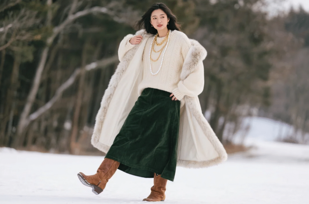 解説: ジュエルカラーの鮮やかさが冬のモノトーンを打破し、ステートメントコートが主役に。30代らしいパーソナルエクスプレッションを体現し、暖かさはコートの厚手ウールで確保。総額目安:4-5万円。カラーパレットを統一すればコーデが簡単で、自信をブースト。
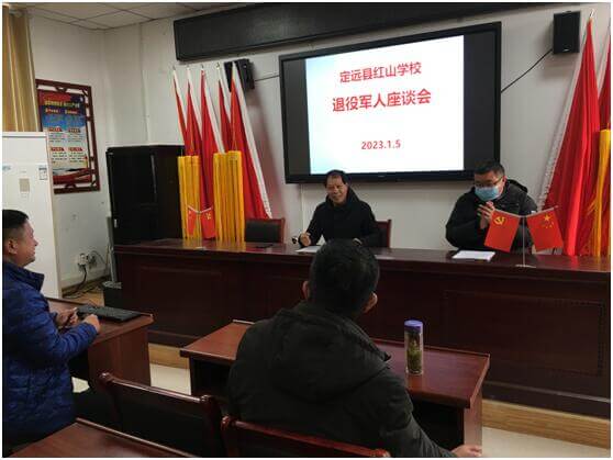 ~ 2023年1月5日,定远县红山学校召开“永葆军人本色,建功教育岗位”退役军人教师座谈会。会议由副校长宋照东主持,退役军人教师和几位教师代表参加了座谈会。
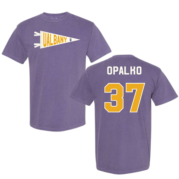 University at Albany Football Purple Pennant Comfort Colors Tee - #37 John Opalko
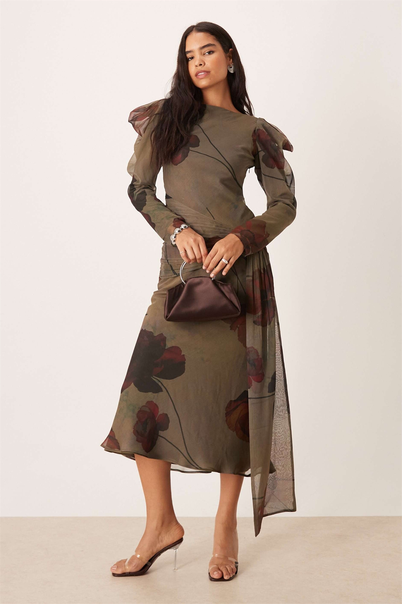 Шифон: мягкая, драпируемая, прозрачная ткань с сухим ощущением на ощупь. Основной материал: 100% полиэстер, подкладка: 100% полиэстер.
---
§ Directions for this task: A verbatim copy of the listing, with all pictures removed, is required.

§ Expected output:
 解説: ジュエルカラーの鮮やかさが冬のモノトーンを打破し、ステートメントコートが主役に。30代らしいパーソナルエクスプレッションを体現し、暖かさはコートの厚手ウールで確保。総額目安:4-5万円。カラーパレットを統一すればコーデが簡単で、自信をブースト。
 ~ 2023年1月5日,定远县红山学校召开“永葆军人本色,建功教育岗位”退役军人教师座谈会。会议由副校长宋照东主持,退役军人教师和几位教师代表参加了座谈会。
 University at Albany Football Purple Pennant Comfort Colors Tee - #37 John Opalko
 Шифон: мягкая, драпируемая, прозрачная ткань с сухим ощущением на ощупь. Основной материал: 100% полиэстер, подкладка: 100% полиэстер.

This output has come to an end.